Published August 10, 2017
TAHLEQUAH — Cherokee Nation Deputy Chief S. Joe Crittenden is being honored as one of three 2017 Distinguished Alumni by Northeastern State University’s Alumni Association Board of Directors.
Awards are presented annually to NSU alumni who, through personal achievement and service, have brought honor and distinction to both themselves and the university.
Deputy Chief Crittenden, of Stilwell, graduated from NSU in 1974 with a Bachelor of Science in accounting and business administration after first serving in the U.S. Navy during the Vietnam War.
“It is an honor to receive this award from Northeastern State University,” Crittenden said. “It has been 43 years since I graduated from the university, and I still wear my gold NSU class ring every single day. I was an atypical college student, returning to school after serving in the U.S. Navy during Vietnam. However, I was blessed to receive an excellent education at NSU, and what I learned there helped guide me on a long career of public service.”
After his military service, Crittenden served as a postmaster for the U.S. Postal Service. He served two terms on the Cherokee Nation Tribal Council and has been elected twice as DeputyChief of the Cherokee Nation. Crittenden also served as eastern Oklahoma area vice president for the National Congress of American Indians from 2011-15.
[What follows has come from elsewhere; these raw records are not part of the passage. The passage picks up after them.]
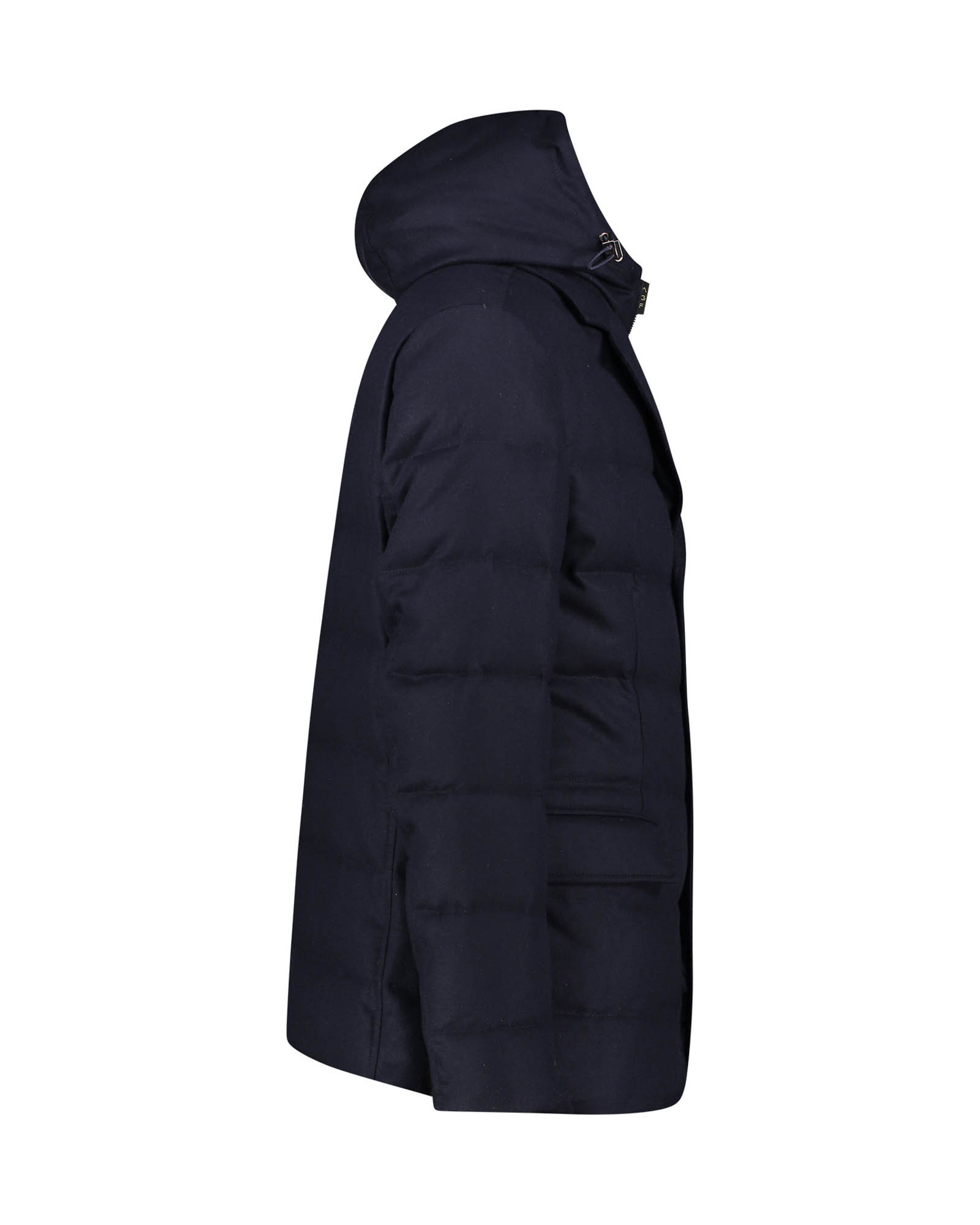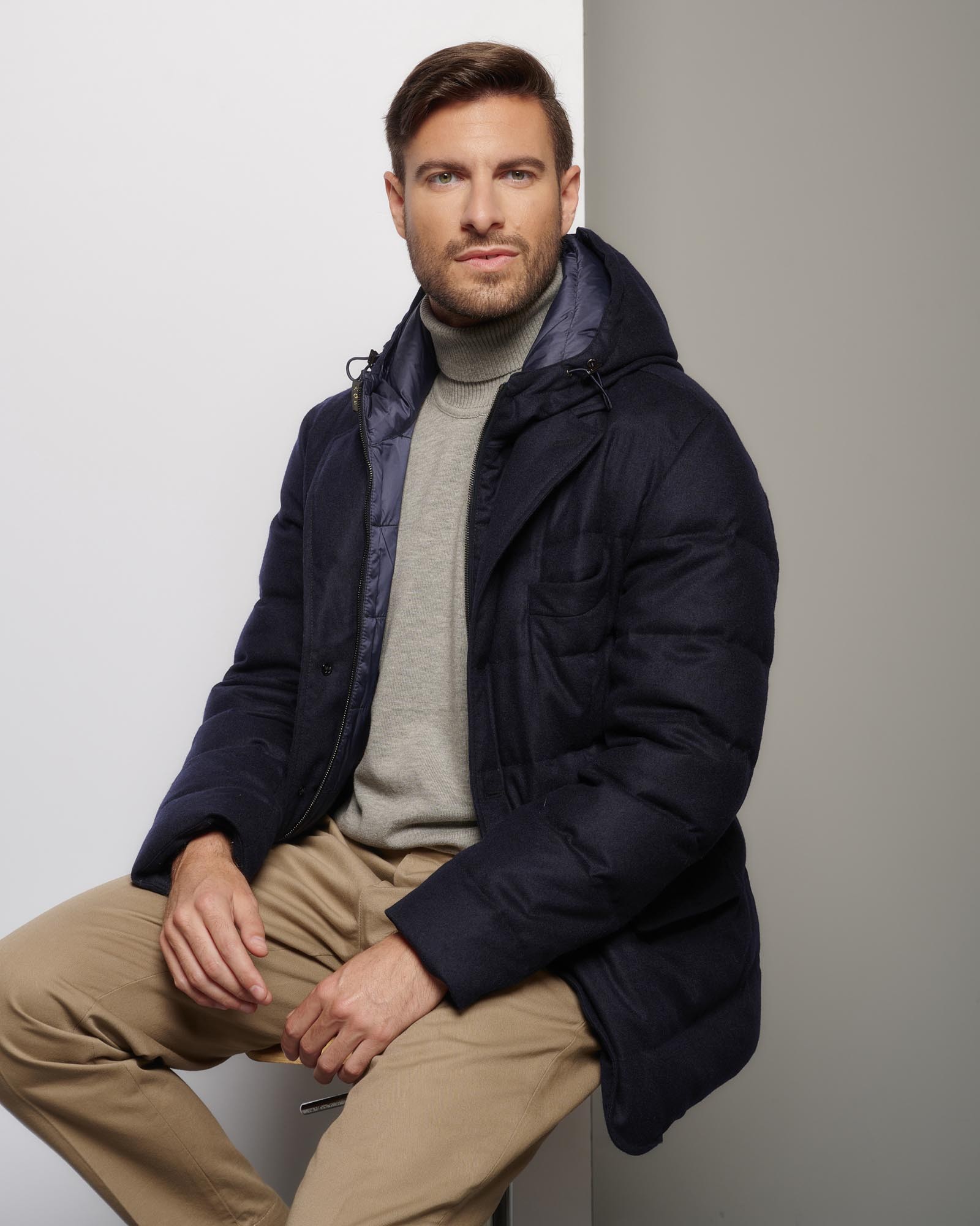 AI 25-26 194U10 194U10 Coat with fixed hood, four-hole button closure, and hand-stitched construction View
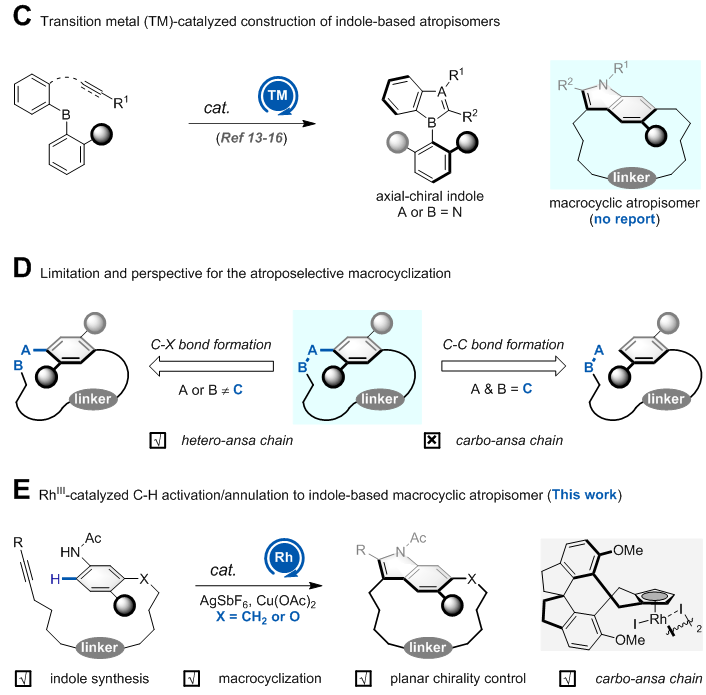 过渡金属催化的不对称吲哚合成法(如Cacchi反应、烯胺氮芳基化反应、Larock吲哚合成、Rh催化的C–H活化/环合反应等)受到了广泛关注。然而,不对称吲哚合成法大都集中于构建轴手性吲哚,尚未有利用这类方法构建大环阻转异构体的报道。不对称大环化反应在构建平面手性大环分子方面受到了关注,该类反应同时构建大环并控制平面手性,大大提高了合成效率。近年来,合成化学家先后发展了手性磷酸催化的羟基对联烯加成、酶催化的大环内酯化、氮杂环卡宾催化的大环内酯化、相转移催化的芳香亲核取代和钯催化的碳氧键偶联等不对称大环反应,这些开创性的方法为催化不对称构建平面手性环蕃烷提供了新思路。目前,这类策略以形成C–O键和C–N键为主,导致无法合成全碳链的平面手性大环结构。
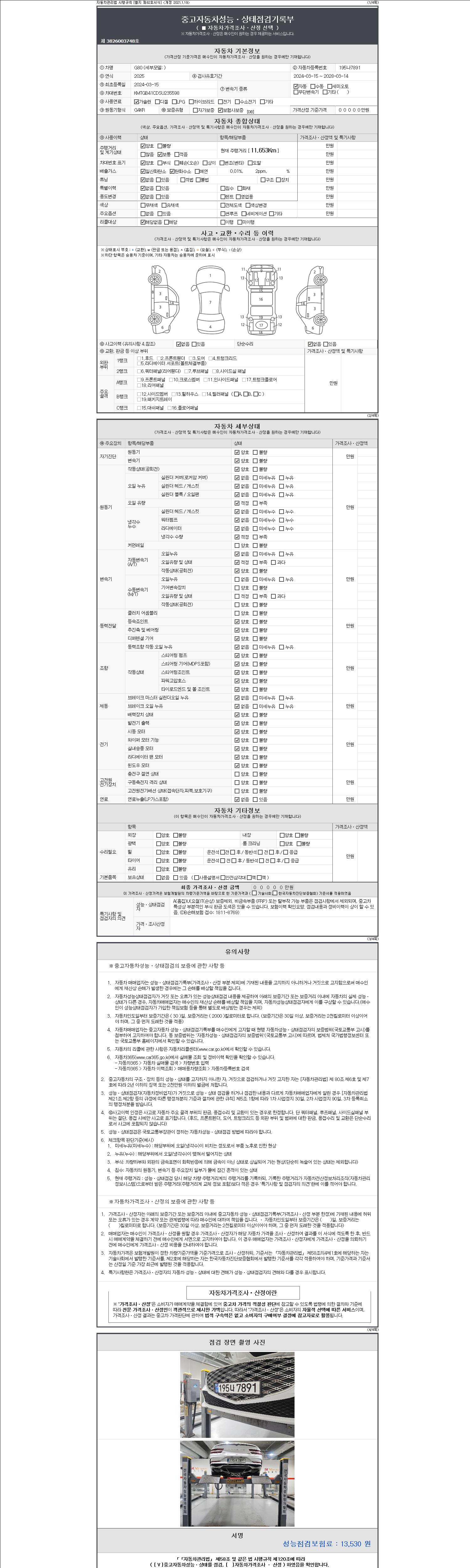 - 2. 차량 등록증이나 성능점검지 등을 상담자에게 요청및 확인하시고 사전에 미리 점검 하시기를 권유드립니다.

Crittenden has given back to Northeastern State University by supporting the tribe’s efforts to restore Seminary Hall and install modern classroom technologies. He also offers support and advice to youth in their pursuit of higher-education opportunities.
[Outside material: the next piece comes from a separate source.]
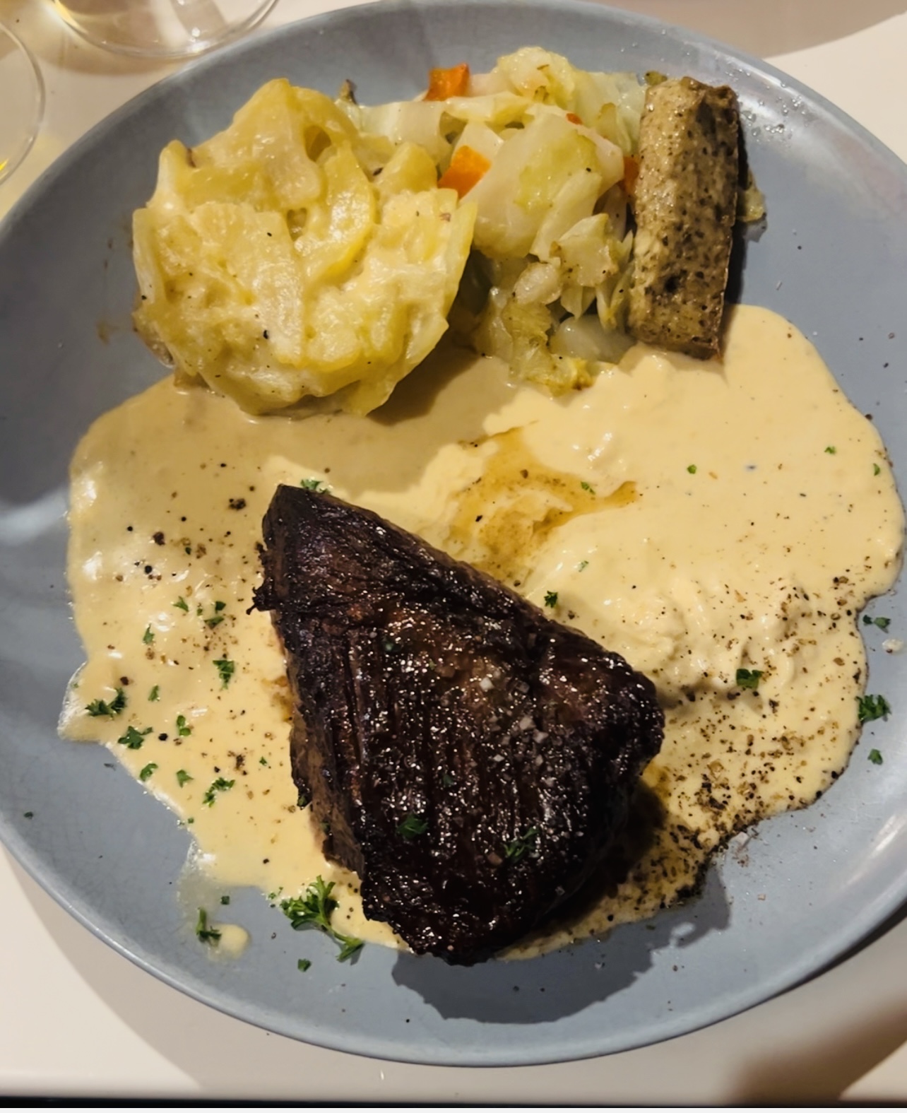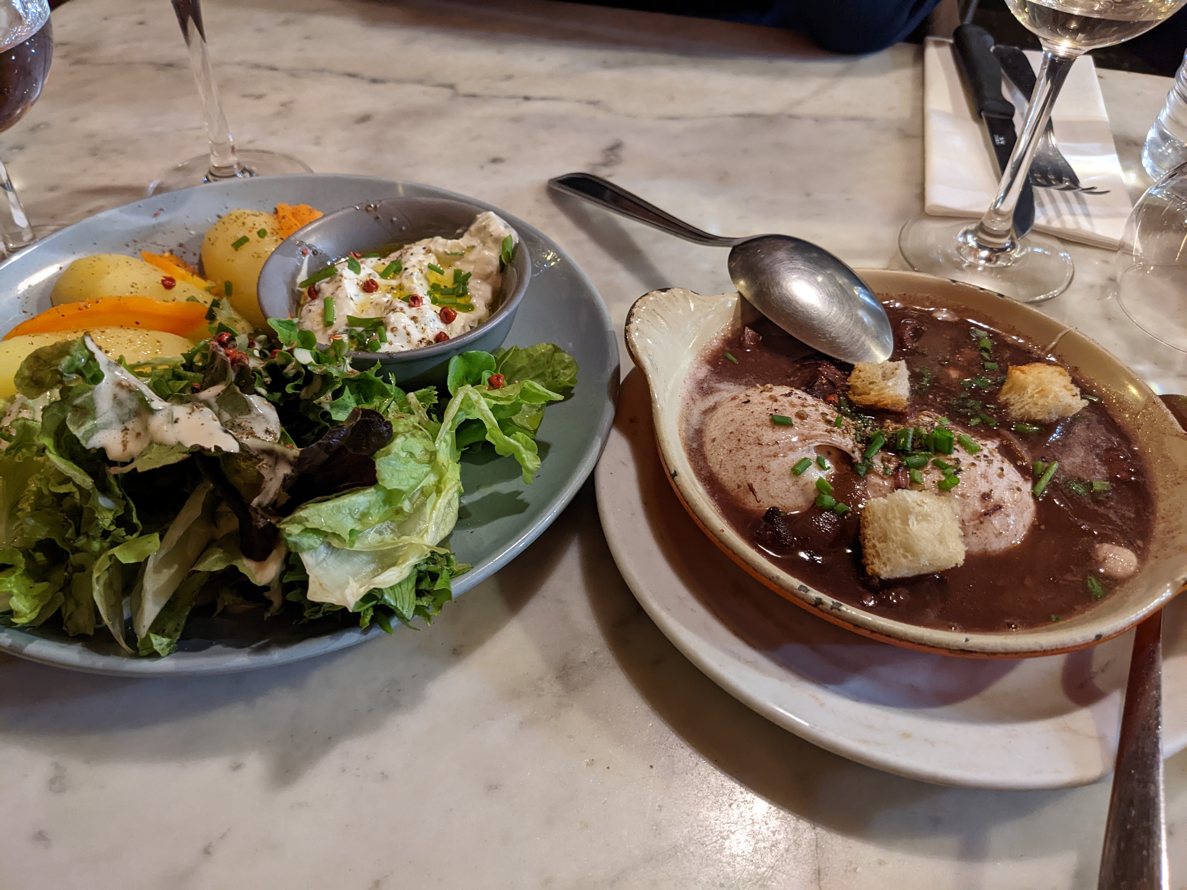 Plaisir épicurien partagé avec ma fille pour une visite éclair sur Lyon, de une je reviendrai là, de 2 je prends l'onglet, car je n'arrêtais pas de lorgner sur celui du voisin !! En plus les voisins étaient sympas, que demander de mieux !

“I am proud to say I am an alum of a school that is so committed to Native students and developing leaders for Indian Country,” Crittenden said. “Cherokee Nation and NSU have established one of the most unique and successful collaborations between a tribal government and public higher education institution.”
During his time as Deputy Chief, Crittenden has been an advocate for some of the most successful initiatives in Cherokee government, but one of his deepest passions is ensuring Cherokee military veterans are recognized for their service and have all of their essential needs met. He helped ensure the Cherokee Nation Veterans Center was completed and opened so military men and women have a place of honor at the tribe’s headquarters in Tahlequah.
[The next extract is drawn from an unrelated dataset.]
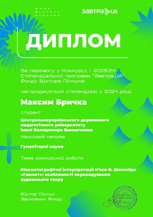 Диплом ІІІ ступеня на Всеукраїнському конкурсі студентських наукових робіт з української мови та літератури
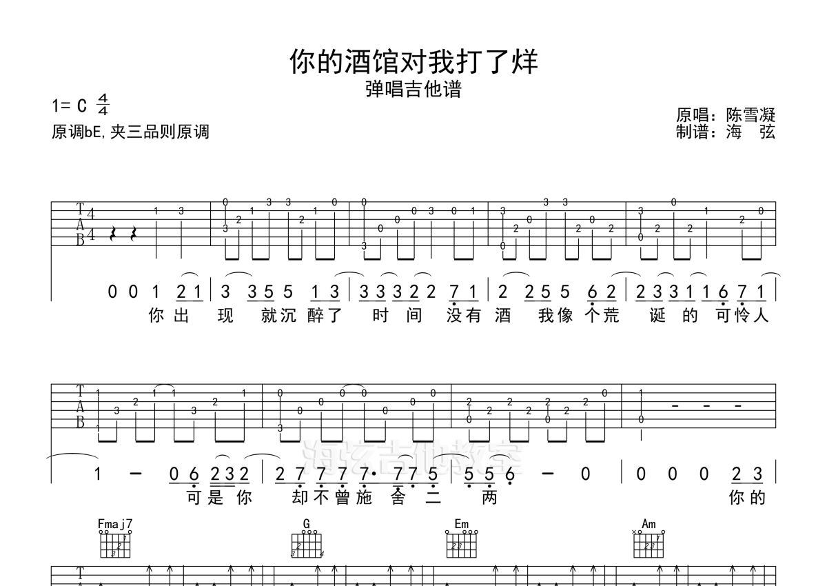 《你的酒馆对我打了烊》是陈雪凝演唱的一首歌曲,拍号为4/4拍,歌曲原调为Eb调,但由于原调指法比较难,为了方便弹奏,本吉他谱采用的是C调指法编配,变调夹3品弹奏即为原调,当然也可以根据自己的音域改变变调夹位置,或者通过改变和弦调性,以方便自己弹奏,这份吉他谱共有两张高清图谱,图谱由 @海弦 编配上传,图谱使用六线谱编配,包含吉他和弦指法、简谱以及歌词部分,使用这份你的酒馆对我打了烊吉他谱,可以让你更加方便地掌握这首歌曲的弹唱技巧,快来尝试吧。

“Joe Crittenden is extraordinarily qualified to be recognized as a distinguished alumnus by our Alumni Association Board of Directors,” NSU President Dr. Steve Turner said. “His career path is highlighted by many years of service to the Cherokee Nation and to our country. I am so excited for Joe and his family and am honored to call him friend.”
Crittenden will be recognized along with two other NSU Distinguished Alumni on Sept. 29 at the Alumni Association Honors Dinner and again Sept. 30 at the Emerald Ball. Both events are open to the public.